- **Task instructions**:
Print the data below exactly, but only the lines from the one containing "Original Bush War" down to the one containing "Kaza Sarıyer Ferahevler", inclusive.

- **Extracted information**:

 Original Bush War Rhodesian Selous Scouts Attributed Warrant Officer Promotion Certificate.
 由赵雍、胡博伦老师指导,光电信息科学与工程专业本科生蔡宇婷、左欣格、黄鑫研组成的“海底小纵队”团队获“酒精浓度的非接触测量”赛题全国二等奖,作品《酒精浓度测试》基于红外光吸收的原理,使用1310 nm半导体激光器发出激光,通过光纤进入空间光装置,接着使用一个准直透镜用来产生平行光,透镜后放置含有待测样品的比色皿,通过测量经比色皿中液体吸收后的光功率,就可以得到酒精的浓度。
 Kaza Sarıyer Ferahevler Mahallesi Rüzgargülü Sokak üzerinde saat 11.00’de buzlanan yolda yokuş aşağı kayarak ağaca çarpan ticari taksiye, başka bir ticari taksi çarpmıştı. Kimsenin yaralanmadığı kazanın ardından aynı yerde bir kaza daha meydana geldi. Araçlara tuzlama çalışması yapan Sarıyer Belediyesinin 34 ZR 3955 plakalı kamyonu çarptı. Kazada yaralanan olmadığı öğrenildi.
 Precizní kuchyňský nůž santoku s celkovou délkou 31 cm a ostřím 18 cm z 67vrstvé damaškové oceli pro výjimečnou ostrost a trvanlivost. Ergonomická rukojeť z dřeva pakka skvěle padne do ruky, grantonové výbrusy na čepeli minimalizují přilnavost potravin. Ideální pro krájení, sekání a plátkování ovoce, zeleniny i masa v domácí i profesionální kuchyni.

==

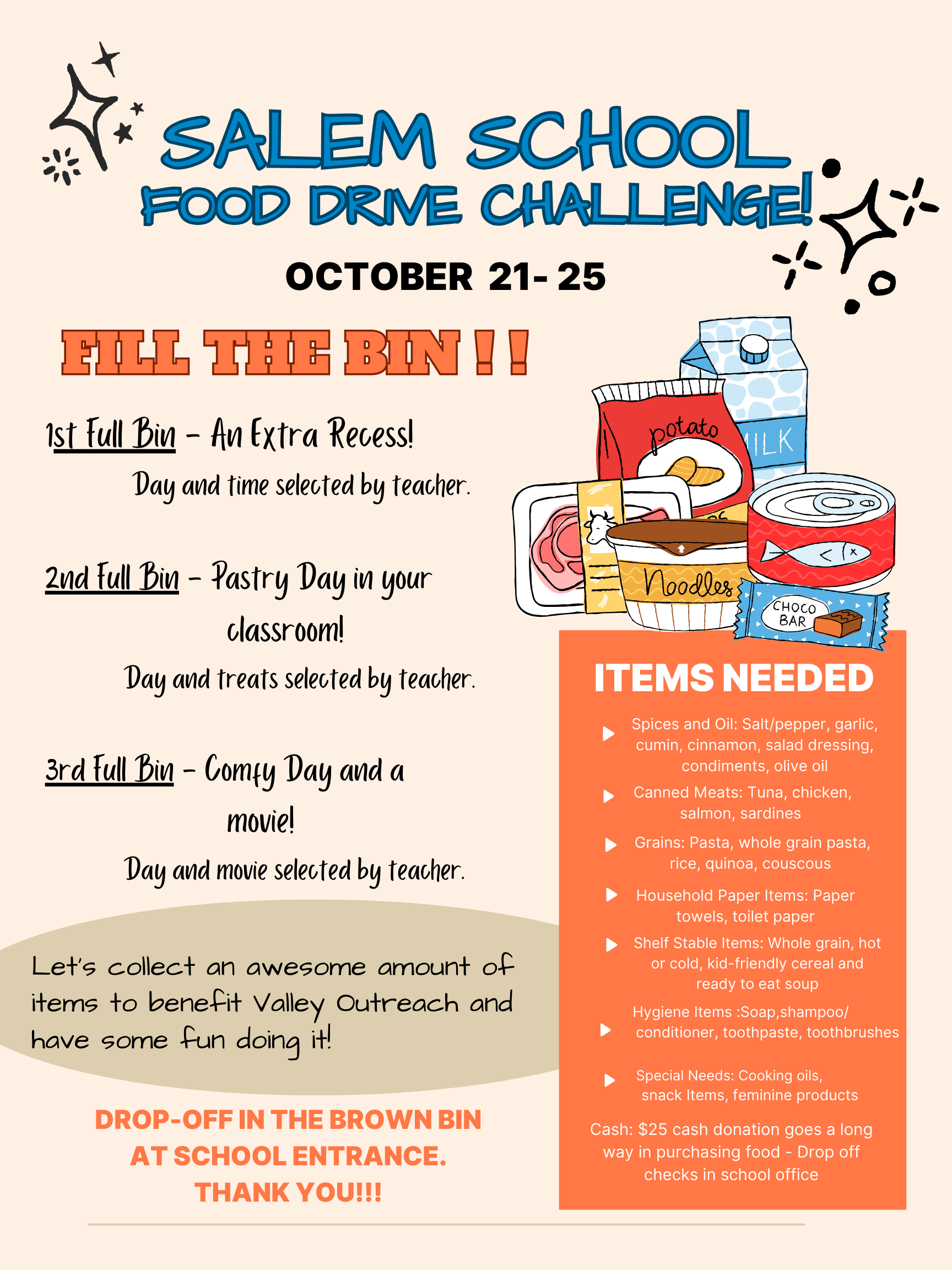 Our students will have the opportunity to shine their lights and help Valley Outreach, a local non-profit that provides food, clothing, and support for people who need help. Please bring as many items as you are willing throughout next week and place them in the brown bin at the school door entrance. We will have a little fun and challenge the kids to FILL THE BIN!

* * *

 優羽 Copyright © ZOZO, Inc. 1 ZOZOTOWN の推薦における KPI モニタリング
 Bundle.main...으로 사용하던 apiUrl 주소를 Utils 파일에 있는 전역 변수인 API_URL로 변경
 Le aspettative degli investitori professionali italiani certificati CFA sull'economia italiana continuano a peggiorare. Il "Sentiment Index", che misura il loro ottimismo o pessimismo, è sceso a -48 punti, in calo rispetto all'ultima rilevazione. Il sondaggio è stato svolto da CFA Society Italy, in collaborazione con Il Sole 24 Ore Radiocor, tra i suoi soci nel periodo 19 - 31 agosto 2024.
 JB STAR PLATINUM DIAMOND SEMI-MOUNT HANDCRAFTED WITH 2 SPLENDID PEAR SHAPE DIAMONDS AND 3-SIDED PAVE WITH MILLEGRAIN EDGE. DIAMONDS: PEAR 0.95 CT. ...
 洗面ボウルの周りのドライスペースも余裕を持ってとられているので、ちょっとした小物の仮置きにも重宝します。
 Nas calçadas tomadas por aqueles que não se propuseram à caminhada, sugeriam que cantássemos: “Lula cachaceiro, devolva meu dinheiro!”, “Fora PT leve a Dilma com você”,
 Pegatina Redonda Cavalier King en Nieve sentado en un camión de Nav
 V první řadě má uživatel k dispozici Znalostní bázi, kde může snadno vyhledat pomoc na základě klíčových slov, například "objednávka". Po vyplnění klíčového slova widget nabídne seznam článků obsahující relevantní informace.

- **Answer to this task**:
 Original Bush War Rhodesian Selous Scouts Attributed Warrant Officer Promotion Certificate.
 由赵雍、胡博伦老师指导,光电信息科学与工程专业本科生蔡宇婷、左欣格、黄鑫研组成的“海底小纵队”团队获“酒精浓度的非接触测量”赛题全国二等奖,作品《酒精浓度测试》基于红外光吸收的原理,使用1310 nm半导体激光器发出激光,通过光纤进入空间光装置,接着使用一个准直透镜用来产生平行光,透镜后放置含有待测样品的比色皿,通过测量经比色皿中液体吸收后的光功率,就可以得到酒精的浓度。
 Kaza Sarıyer Ferahevler Mahallesi Rüzgargülü Sokak üzerinde saat 11.00’de buzlanan yolda yokuş aşağı kayarak ağaca çarpan ticari taksiye, başka bir ticari taksi çarpmıştı. Kimsenin yaralanmadığı kazanın ardından aynı yerde bir kaza daha meydana geldi. Araçlara tuzlama çalışması yapan Sarıyer Belediyesinin 34 ZR 3955 plakalı kamyonu çarptı. Kazada yaralanan olmadığı öğrenildi.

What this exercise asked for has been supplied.